• [EXERCISE OBJECTIVE]:
Within the listing that follows, reproduce exactly the lines starting at the line with "No momento, não" and ending at the line with "Tira de luz", inclusive, and only those. Pictures are dropped.

• [INFORMATION GIVEN]:
* * * *
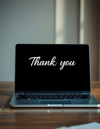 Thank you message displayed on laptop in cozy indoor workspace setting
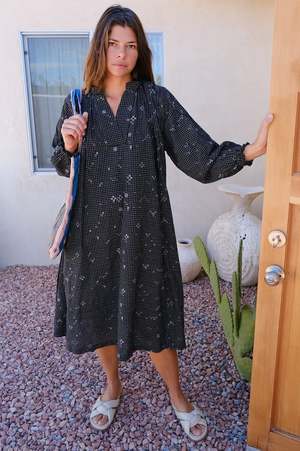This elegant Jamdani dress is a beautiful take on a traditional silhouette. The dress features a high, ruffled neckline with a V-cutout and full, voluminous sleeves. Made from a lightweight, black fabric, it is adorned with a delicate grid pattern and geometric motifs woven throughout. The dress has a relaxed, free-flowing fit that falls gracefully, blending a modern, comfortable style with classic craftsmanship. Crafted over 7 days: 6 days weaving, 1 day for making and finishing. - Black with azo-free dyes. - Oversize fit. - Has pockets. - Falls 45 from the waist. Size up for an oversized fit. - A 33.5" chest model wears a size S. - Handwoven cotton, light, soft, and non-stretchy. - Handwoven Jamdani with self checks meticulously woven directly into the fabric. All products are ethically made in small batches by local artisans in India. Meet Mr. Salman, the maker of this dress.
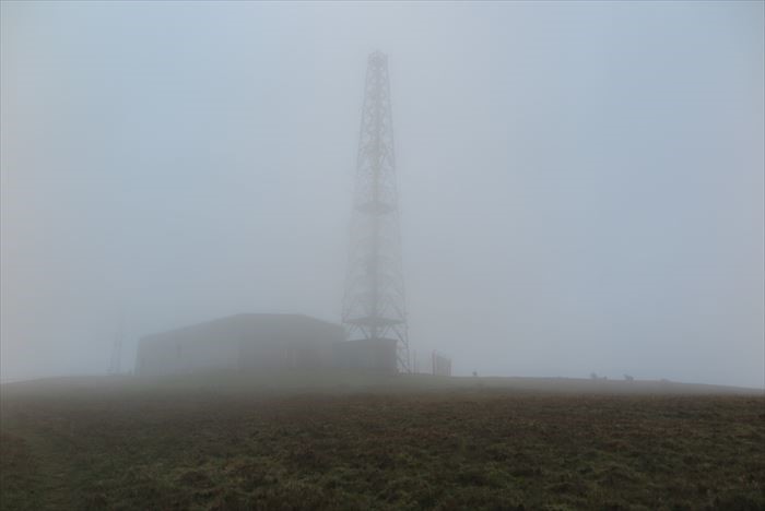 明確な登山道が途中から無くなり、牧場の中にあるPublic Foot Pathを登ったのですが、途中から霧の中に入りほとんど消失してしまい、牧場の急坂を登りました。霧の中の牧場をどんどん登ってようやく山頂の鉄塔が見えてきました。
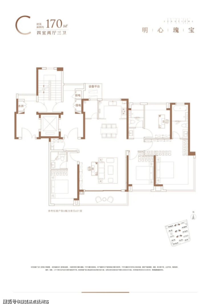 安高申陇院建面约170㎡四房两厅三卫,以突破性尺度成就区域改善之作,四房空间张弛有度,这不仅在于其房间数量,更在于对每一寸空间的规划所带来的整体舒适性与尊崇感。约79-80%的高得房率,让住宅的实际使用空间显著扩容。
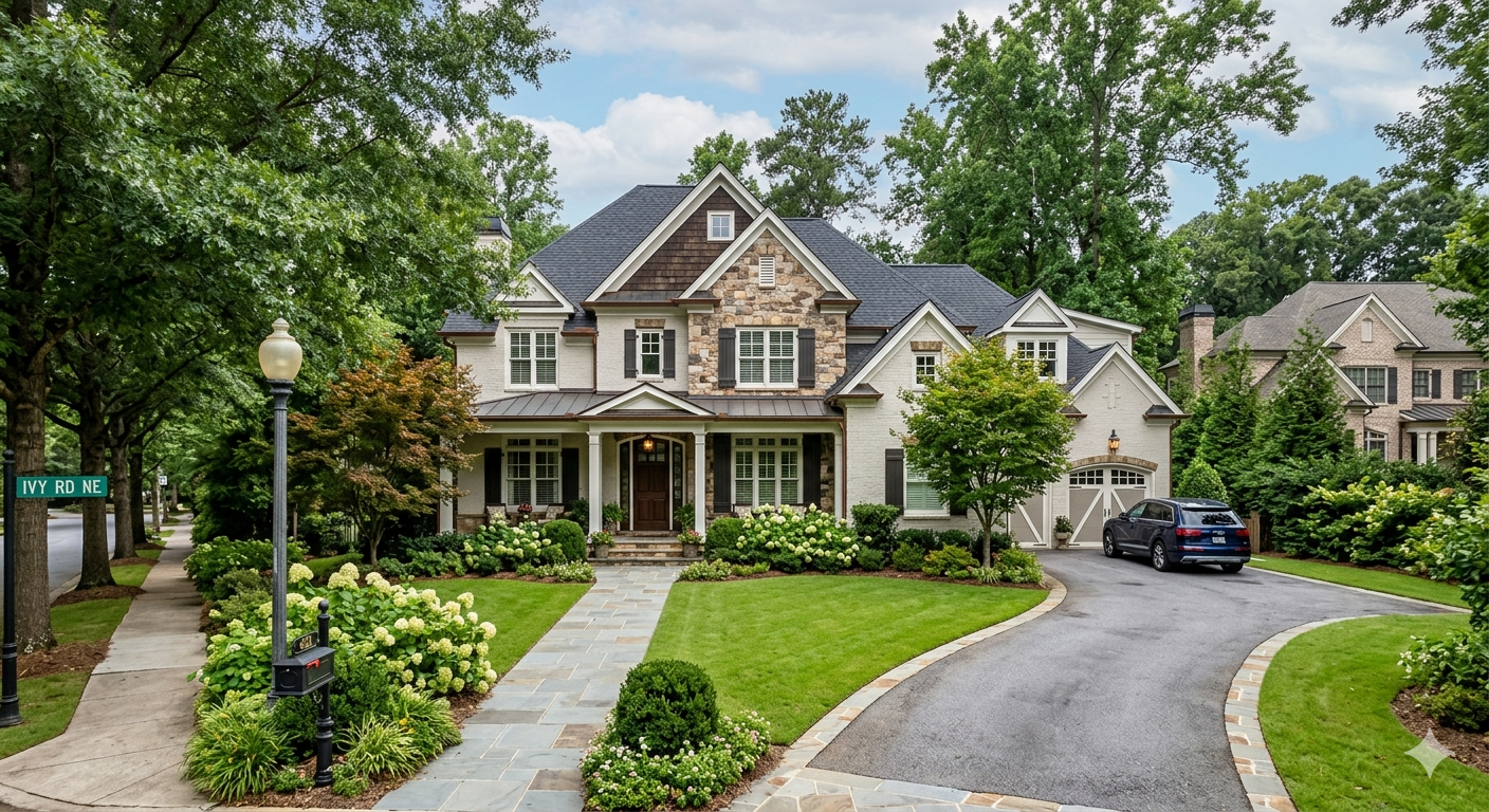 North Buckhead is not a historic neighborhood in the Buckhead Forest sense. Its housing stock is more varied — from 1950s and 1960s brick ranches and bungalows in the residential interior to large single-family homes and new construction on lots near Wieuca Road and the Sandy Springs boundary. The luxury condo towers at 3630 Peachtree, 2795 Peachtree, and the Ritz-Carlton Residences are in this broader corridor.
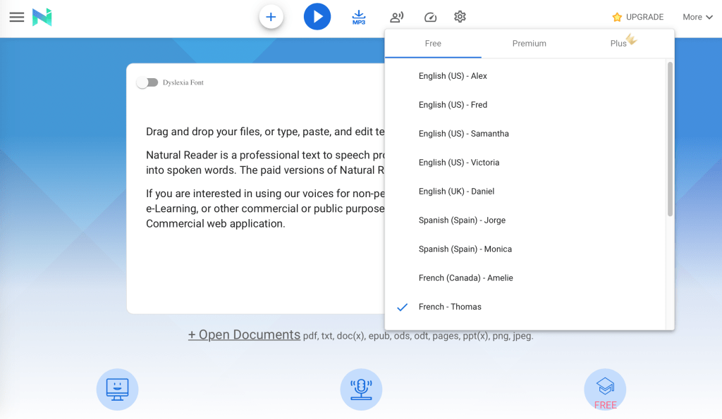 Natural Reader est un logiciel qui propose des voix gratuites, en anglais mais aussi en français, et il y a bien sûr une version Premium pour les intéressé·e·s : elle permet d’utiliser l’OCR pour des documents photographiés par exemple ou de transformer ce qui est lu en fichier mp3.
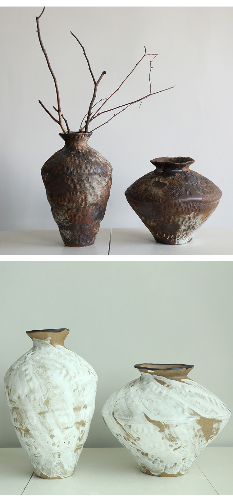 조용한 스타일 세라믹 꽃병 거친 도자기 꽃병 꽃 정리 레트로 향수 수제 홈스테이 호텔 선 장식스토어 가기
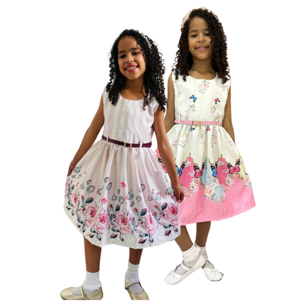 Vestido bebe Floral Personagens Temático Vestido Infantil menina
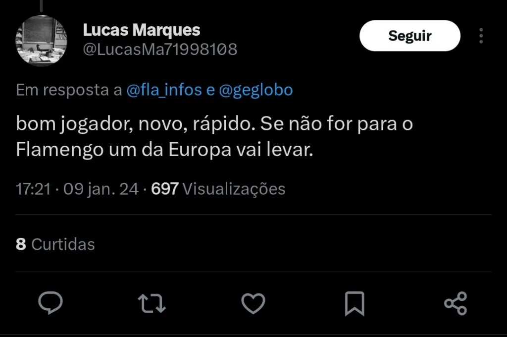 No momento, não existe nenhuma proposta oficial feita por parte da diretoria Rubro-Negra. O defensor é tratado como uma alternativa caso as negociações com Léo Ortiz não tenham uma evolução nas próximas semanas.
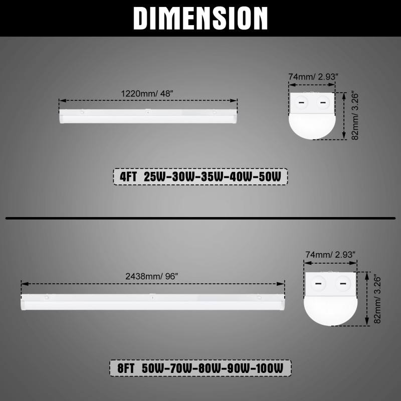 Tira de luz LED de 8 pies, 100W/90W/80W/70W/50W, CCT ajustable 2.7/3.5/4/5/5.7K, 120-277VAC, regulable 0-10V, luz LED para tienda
* * * *
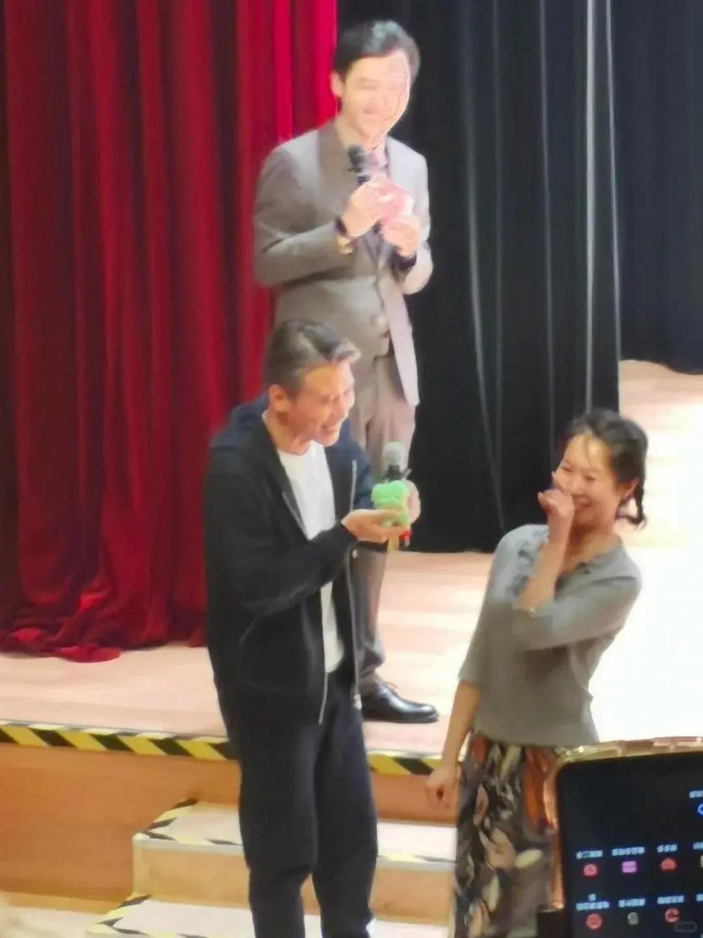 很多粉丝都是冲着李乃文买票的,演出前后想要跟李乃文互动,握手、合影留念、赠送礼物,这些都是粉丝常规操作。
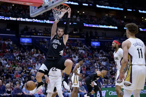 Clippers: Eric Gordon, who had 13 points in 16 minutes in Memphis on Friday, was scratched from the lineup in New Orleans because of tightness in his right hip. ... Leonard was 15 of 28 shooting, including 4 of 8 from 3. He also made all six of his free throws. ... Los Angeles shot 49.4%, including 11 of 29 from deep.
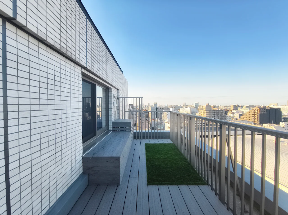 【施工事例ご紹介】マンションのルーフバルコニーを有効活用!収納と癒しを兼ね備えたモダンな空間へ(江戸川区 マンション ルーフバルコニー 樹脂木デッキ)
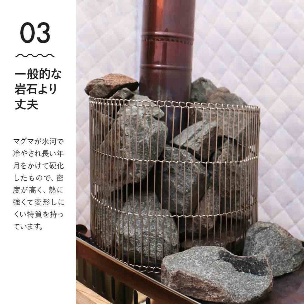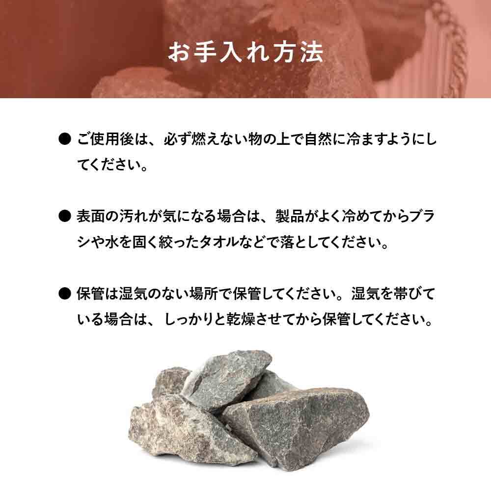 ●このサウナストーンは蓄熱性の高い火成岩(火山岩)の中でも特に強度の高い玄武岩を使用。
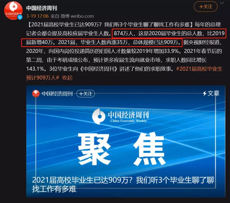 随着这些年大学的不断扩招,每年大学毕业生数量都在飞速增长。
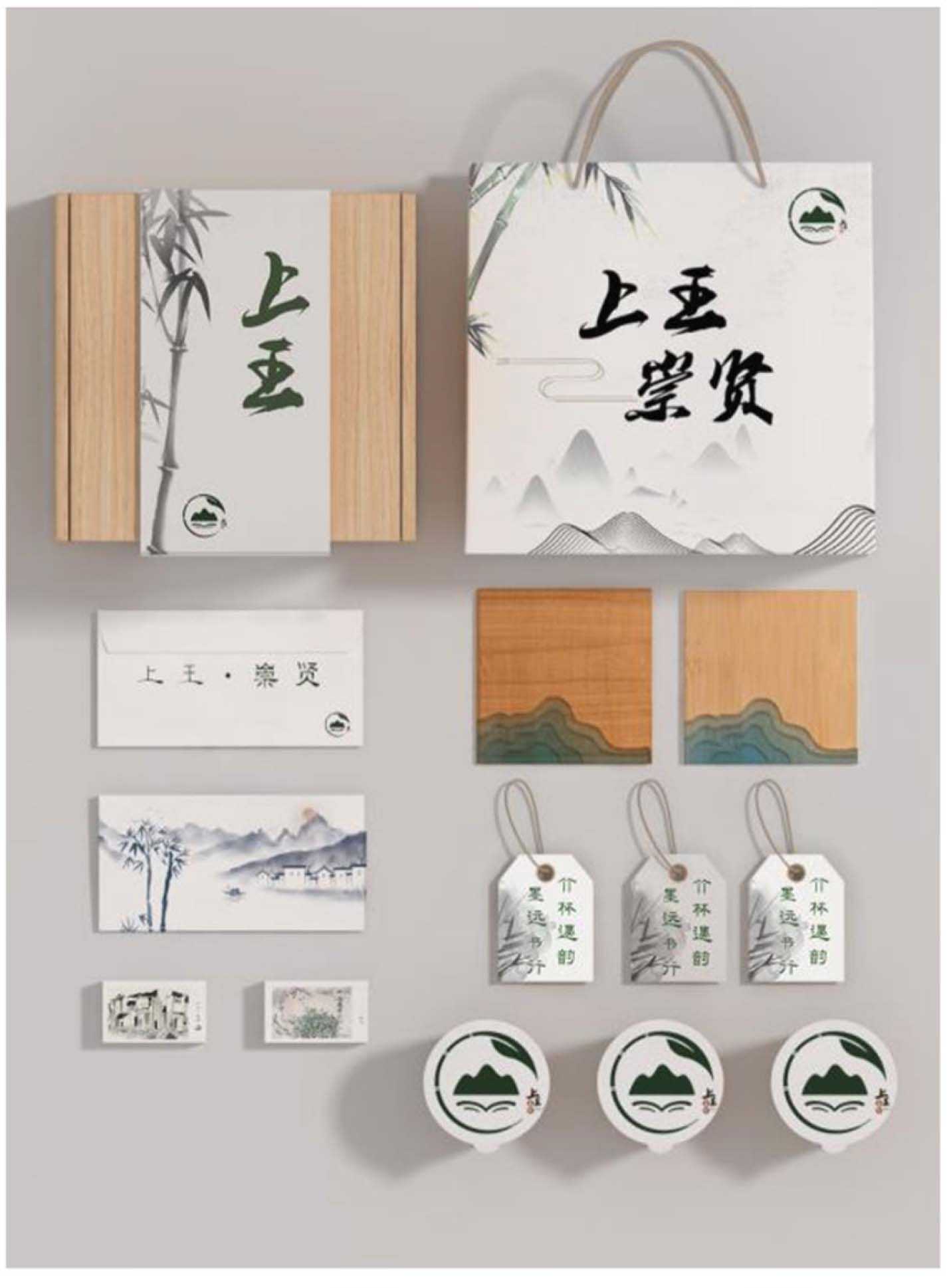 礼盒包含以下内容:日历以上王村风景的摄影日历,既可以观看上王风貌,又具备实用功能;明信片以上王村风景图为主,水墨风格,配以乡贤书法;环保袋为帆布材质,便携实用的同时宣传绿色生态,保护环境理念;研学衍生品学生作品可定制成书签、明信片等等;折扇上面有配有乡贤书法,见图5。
* * * *
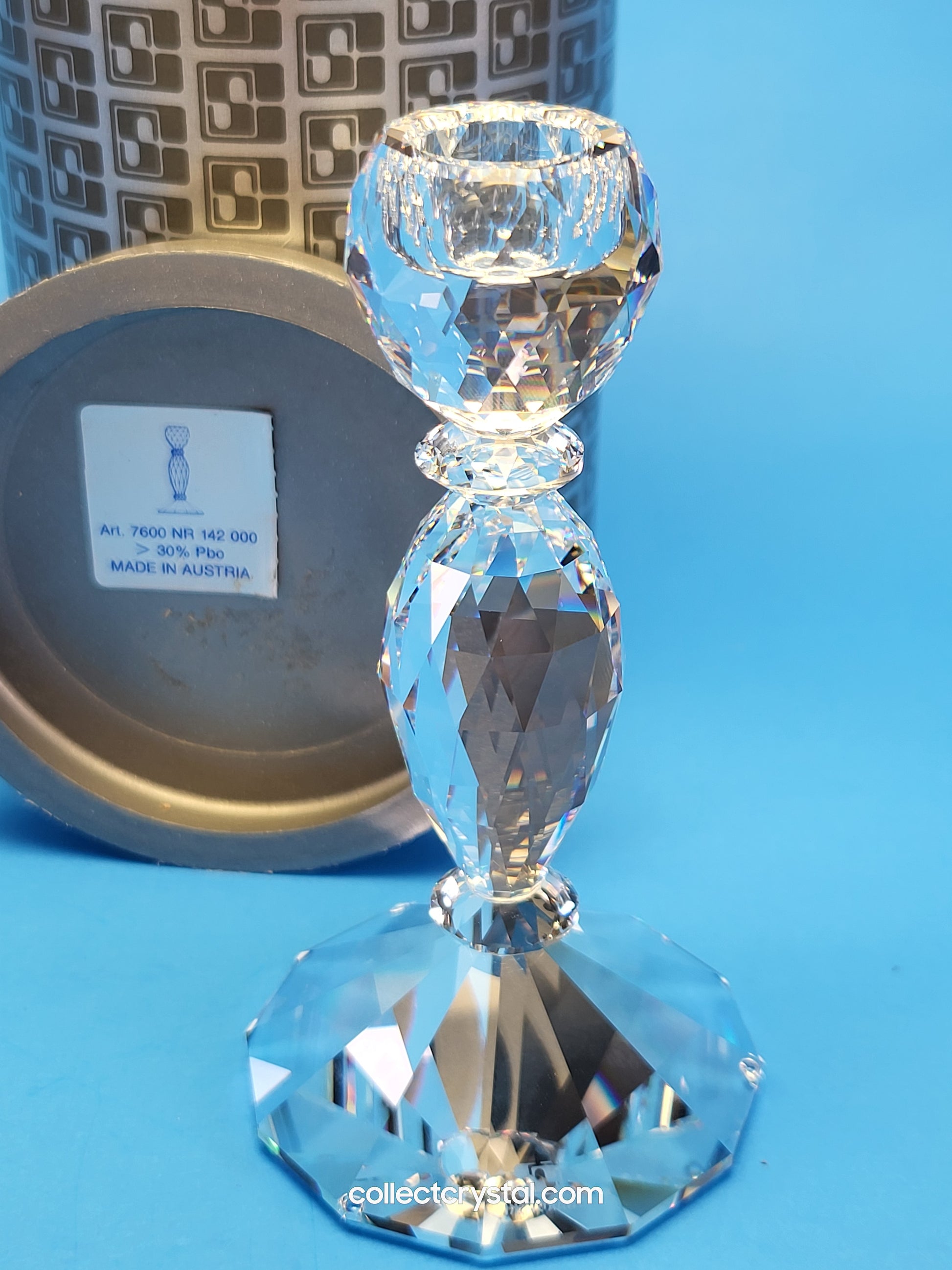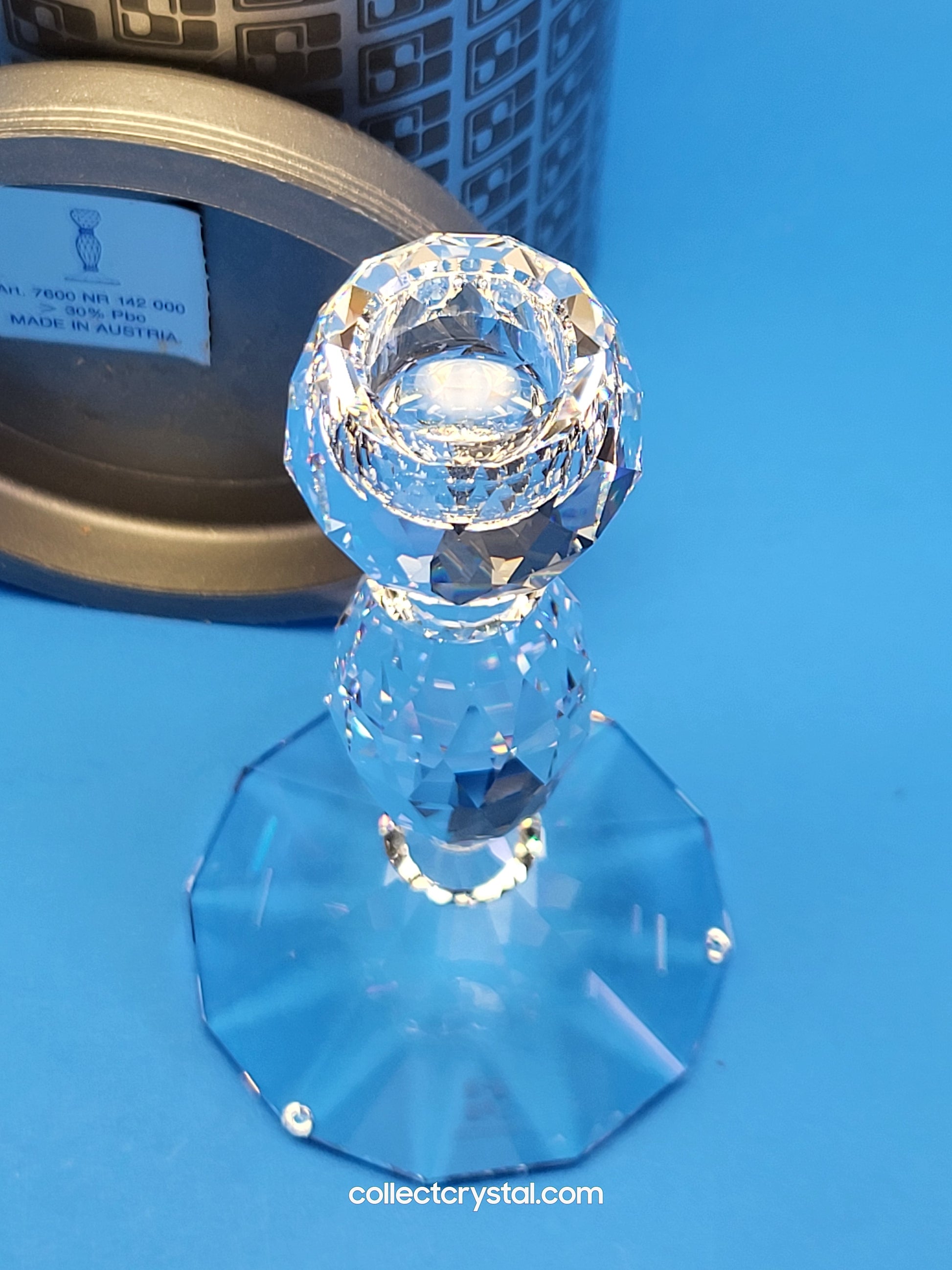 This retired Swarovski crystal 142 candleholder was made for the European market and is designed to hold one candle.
* * * *
• [TASK RESULT]:
 No momento, não existe nenhuma proposta oficial feita por parte da diretoria Rubro-Negra. O defensor é tratado como uma alternativa caso as negociações com Léo Ortiz não tenham uma evolução nas próximas semanas.
 Tira de luz LED de 8 pies, 100W/90W/80W/70W/50W, CCT ajustable 2.7/3.5/4/5/5.7K, 120-277VAC, regulable 0-10V, luz LED para tienda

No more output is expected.